Activity -
Nothing but the lines from the one containing "此外,还可以定义 f(x, y)的(p" through the one containing "由澳门特区政府与世界卫生组织", both included, should be given again, each exactly as written below.

Entries shown -

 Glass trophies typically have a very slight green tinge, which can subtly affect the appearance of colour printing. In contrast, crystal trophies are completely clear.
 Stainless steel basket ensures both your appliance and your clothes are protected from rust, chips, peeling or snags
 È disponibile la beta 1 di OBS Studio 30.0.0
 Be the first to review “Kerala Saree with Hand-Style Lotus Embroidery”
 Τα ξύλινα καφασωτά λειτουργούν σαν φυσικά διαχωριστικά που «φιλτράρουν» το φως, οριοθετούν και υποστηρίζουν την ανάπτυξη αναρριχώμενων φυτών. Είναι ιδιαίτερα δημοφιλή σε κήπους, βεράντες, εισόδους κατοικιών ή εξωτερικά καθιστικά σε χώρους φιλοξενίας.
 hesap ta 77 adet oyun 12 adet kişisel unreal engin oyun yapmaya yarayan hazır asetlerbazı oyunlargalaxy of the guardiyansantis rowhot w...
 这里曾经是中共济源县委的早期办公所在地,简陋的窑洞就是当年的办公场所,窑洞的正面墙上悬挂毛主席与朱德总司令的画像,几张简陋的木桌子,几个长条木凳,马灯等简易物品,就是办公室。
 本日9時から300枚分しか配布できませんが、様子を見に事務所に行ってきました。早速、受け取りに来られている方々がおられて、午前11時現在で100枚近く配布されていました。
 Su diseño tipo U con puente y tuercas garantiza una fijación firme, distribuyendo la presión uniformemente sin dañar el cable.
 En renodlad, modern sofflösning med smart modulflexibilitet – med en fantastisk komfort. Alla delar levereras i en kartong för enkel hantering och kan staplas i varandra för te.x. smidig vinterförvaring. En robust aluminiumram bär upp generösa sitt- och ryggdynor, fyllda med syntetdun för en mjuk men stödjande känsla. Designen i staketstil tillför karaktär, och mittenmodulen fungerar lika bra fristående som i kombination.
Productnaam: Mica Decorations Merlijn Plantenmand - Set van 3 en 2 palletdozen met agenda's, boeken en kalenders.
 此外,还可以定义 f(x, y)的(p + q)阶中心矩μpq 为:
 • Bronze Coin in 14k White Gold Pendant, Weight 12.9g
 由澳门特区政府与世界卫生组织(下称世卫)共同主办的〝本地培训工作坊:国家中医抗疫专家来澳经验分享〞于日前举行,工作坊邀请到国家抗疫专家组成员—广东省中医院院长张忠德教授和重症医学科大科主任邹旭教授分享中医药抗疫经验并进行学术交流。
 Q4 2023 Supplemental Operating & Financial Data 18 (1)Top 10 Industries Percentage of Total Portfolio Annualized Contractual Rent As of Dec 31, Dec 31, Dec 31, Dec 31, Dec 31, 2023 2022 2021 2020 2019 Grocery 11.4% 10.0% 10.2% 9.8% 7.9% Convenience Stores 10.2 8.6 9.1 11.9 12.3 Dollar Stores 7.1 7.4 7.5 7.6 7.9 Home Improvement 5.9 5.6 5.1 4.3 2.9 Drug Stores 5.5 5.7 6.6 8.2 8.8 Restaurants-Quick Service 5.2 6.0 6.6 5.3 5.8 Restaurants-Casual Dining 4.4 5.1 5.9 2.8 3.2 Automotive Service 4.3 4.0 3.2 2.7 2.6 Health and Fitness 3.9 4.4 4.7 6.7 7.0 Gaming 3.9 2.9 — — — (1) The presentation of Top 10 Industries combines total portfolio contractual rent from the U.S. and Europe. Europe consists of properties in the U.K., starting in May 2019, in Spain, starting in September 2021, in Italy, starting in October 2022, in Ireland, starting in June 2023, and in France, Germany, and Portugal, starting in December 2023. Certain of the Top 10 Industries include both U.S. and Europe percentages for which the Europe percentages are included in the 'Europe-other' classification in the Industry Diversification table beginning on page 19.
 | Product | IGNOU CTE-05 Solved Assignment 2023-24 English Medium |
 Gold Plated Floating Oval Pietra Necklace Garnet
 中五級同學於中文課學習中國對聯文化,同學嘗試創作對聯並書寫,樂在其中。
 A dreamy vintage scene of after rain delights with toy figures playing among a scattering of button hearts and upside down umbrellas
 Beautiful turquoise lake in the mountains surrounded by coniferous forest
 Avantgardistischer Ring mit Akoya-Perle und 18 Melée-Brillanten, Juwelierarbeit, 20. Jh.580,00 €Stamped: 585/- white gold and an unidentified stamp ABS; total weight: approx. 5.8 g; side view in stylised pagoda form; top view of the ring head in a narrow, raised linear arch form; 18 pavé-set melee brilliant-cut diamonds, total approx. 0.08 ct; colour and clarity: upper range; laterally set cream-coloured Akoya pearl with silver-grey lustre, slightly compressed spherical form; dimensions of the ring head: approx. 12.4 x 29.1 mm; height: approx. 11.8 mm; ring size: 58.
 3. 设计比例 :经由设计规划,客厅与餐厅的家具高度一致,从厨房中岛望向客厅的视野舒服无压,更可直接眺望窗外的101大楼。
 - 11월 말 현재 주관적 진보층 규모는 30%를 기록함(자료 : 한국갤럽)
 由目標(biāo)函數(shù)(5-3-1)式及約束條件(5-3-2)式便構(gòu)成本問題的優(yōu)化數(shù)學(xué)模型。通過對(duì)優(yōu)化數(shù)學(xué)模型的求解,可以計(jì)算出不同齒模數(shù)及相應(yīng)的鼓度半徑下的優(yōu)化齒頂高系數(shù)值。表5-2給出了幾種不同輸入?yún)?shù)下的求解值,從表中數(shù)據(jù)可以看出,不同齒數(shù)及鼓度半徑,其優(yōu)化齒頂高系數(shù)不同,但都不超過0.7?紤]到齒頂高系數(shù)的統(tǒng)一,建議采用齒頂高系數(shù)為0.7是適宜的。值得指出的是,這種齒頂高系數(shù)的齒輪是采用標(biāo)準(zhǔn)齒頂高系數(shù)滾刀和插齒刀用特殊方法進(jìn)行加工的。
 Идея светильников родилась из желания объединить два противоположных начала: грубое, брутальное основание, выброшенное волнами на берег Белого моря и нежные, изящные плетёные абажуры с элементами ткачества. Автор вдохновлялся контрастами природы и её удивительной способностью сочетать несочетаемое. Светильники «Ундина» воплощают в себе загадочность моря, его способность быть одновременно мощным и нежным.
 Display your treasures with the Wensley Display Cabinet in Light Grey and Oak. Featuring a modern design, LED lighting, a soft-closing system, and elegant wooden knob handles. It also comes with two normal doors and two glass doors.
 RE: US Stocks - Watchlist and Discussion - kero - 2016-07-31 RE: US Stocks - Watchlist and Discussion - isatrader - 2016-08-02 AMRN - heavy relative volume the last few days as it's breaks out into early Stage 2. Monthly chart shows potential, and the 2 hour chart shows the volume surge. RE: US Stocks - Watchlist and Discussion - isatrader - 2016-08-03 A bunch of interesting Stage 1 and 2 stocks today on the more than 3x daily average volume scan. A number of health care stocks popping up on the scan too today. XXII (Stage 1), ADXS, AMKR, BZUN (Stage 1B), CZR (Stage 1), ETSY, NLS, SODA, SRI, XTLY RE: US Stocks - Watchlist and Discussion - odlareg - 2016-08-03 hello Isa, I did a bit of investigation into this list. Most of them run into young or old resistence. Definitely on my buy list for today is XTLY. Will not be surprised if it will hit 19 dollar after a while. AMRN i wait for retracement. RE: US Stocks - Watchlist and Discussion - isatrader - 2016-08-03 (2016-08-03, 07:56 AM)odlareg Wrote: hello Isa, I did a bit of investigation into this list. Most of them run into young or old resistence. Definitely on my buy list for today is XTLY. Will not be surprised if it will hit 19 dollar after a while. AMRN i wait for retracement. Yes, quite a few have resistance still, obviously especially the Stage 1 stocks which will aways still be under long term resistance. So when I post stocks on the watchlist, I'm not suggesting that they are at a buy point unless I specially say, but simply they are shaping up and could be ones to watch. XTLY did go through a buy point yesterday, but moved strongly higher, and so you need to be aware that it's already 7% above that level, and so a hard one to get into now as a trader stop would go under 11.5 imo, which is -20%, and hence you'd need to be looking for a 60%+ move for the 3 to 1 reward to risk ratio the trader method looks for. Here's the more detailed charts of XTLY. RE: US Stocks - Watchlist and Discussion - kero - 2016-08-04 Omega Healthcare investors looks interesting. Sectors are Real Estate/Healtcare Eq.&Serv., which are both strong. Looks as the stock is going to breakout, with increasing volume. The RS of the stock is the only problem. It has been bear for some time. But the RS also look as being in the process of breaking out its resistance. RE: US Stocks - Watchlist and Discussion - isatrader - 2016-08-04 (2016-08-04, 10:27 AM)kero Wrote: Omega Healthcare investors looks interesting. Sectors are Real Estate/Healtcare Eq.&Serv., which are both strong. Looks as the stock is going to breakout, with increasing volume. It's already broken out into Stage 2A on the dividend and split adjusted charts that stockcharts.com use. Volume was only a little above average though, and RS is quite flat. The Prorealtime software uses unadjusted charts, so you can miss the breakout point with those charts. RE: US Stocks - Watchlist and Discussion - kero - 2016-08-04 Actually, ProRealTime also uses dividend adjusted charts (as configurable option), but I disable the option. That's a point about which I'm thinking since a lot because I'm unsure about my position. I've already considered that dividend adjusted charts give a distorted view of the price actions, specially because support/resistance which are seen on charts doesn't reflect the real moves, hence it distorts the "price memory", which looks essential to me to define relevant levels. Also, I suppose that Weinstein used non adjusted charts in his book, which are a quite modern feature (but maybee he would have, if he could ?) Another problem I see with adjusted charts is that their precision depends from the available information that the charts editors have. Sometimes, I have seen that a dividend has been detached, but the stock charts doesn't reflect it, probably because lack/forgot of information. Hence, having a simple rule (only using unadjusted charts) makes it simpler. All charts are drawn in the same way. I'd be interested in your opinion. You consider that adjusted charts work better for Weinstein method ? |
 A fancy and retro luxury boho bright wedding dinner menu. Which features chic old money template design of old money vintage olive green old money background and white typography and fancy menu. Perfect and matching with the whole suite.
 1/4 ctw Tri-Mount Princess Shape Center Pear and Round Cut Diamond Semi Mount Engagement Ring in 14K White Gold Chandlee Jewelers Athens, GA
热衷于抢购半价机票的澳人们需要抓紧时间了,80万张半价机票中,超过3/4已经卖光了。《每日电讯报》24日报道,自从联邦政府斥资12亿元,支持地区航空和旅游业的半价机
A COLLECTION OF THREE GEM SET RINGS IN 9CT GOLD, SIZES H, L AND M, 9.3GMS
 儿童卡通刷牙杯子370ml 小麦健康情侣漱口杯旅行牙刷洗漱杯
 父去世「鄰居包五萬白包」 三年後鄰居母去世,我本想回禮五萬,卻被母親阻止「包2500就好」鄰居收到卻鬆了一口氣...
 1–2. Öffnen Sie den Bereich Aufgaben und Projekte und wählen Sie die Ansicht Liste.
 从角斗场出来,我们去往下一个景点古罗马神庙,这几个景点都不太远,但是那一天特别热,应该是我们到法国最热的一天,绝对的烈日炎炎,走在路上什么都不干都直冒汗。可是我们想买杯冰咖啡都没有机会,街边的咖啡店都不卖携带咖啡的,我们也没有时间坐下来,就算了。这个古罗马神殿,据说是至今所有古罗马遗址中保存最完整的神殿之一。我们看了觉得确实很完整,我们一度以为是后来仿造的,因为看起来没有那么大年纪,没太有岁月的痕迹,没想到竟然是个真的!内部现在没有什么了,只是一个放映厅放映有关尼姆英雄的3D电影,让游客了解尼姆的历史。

Exercise result -
 此外,还可以定义 f(x, y)的(p + q)阶中心矩μpq 为:
 • Bronze Coin in 14k White Gold Pendant, Weight 12.9g
 由澳门特区政府与世界卫生组织(下称世卫)共同主办的〝本地培训工作坊:国家中医抗疫专家来澳经验分享〞于日前举行,工作坊邀请到国家抗疫专家组成员—广东省中医院院长张忠德教授和重症医学科大科主任邹旭教授分享中医药抗疫经验并进行学术交流。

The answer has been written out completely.